Remember that when designed, neither B nor C can foresee whether they will be used together or not
The solution that has been found is therefore simple: B and C only reserve space for a pointer to V, and:
if you build a stand-alone B, the constructor will allocate a V on the heap, which will be handled automatically
if you build B as part of a D, the B subpart will expect the D constructor to pass the pointer to the location of V
And idem for C, obviously.
In D, an optimization allow the constructor to reserve space for V right in the object, because D does not inherit virtually from either B or C, giving the diagram you have shown (though we don't have yet virtual methods).
B: (and C is similar)
+-----+-----+
| V* | u |
+-----+-----+
D:
+-----+-----+-----+-----+-----+-----+
| B | C | w | A |
+-----+-----+-----+-----+-----+-----+
Remark now that casting from B to A is slightly trickier than simple pointer arithmetic: you need follow the pointer in B rather than simple pointer arithmetic.

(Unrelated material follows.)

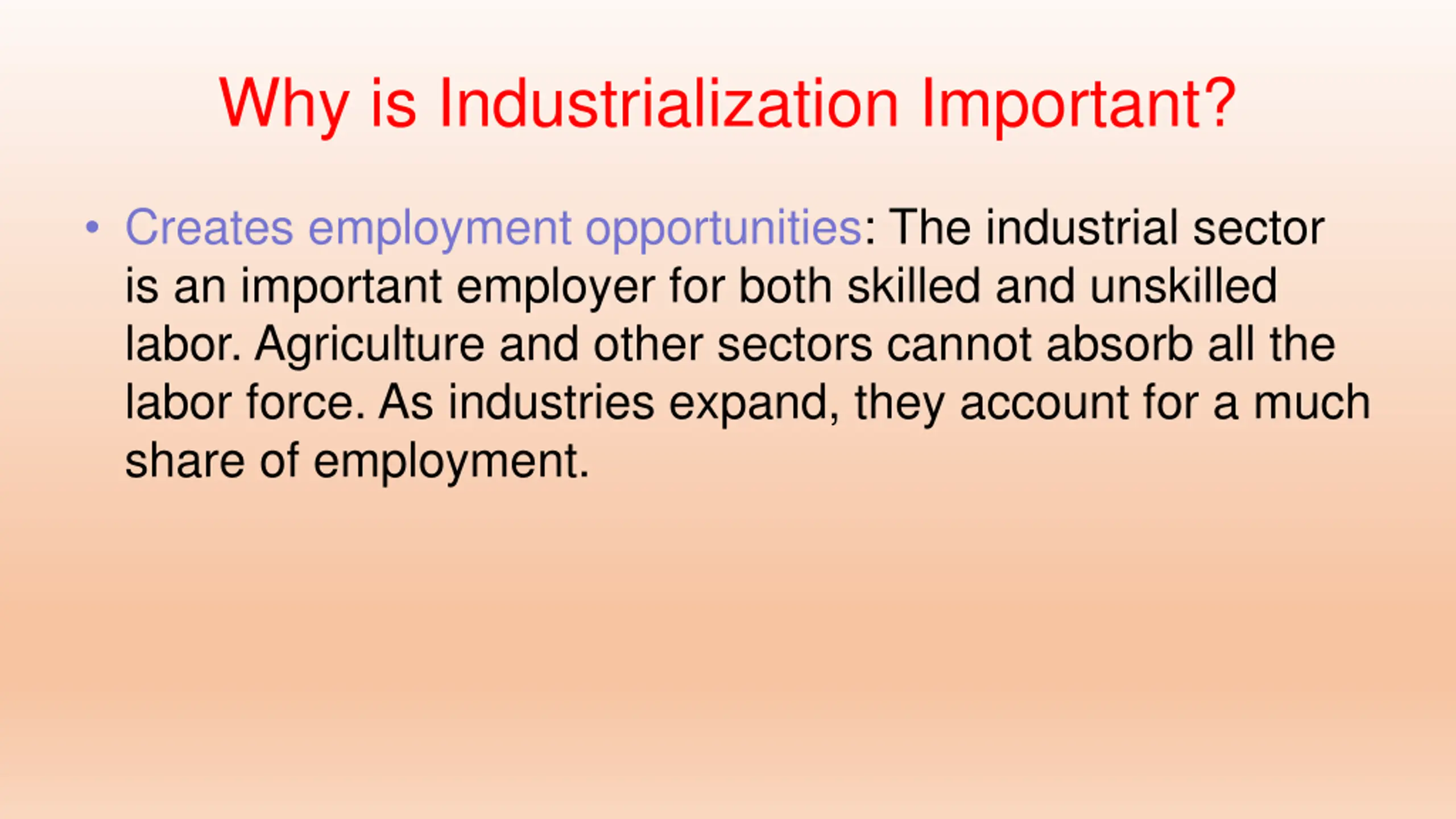 Why is Industrialization Important? Creates employment opportunities: The industrial sector is an important employer for both skilled and unskilled labor. Agriculture and other sectors cannot absorb all the labor force. As industries expand, they account for a much share of employment.

There is a worse case though, up-casting. If I give you a pointer to A how do you know how to get back to B ?
In this case, the magic is performed by dynamic_cast, but this require some support (ie, information) stored somewhere. This is the so called RTTI (Run-Time Type Information). dynamic_cast will first determine that A is part of a D through some magic, then query D's runtime information to know where within D the B subobject is stored.

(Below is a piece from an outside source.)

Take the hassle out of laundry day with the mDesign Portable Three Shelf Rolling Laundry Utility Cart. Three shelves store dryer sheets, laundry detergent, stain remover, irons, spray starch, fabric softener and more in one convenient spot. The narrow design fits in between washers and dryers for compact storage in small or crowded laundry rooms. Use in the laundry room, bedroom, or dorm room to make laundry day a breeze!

If we were in case where there is no B subobject, it would either return 0 (pointer form) or throw a bad_cast exception (reference form).
3. How to implement virtual methods ?
In general virtual methods are implemented through a v-table (ie, a table of pointer to functions) per class, and v-ptr to this table per-object. This is not the sole possible implementation, and it has been demonstrated that others could be faster, however it is both simple and with a predictable overhead (both in term of memory and dispatch speed).
If we take a simple base class object, with a virtual method:
struct B { virtual foo(); };
For the computer, there is no such things as member methods, so in fact you have:
struct B { VTable* vptr; };
void Bfoo(B* b);
struct BVTable { RTTI* rtti; void (*foo)(B*); };
When you derive from B:
struct D: B { virtual foo(); virtual bar(); };
You now have two virtual methods, one overrides B::foo, the other is brand new. The computer representation is akin to:
struct D { VTable* vptr; }; // single table, even for two methods
void Dfoo(D* d); void Dbar(D* d);
struct DVTable { RTTI* rtti; void (*foo)(D*); void (*foo)(B*); };
Note how BVTable and DVTable are so similar (since we put foo before bar) ? It's important!
D* d = /**/;
B* b = d; // noop, no needfor arithmetic
b->foo();
Let's translate the call to foo in machine language (somewhat):
// 1. get the vptr
void* vptr = b; // noop, it's stored at the first byte of B
// 2. get the pointer to foo function
void (*foo)(B*) = vptr[1]; // 0 is for RTTI
// 3. apply foo
(*foo)(b);
Those vptrs are initialized by the constructors of the objects, when executing the constructor of D, here is what happened:
D::D() calls B::B() first and foremost, to initiliaze its subparts
B::B() initialize vptr to point to its vtable, then returns
D::D() initialize vptr to point to its vtable, overriding B's
Therefore, vptr here pointed to D's vtable, and thus the foo applied was D's. For B it was completely transparent.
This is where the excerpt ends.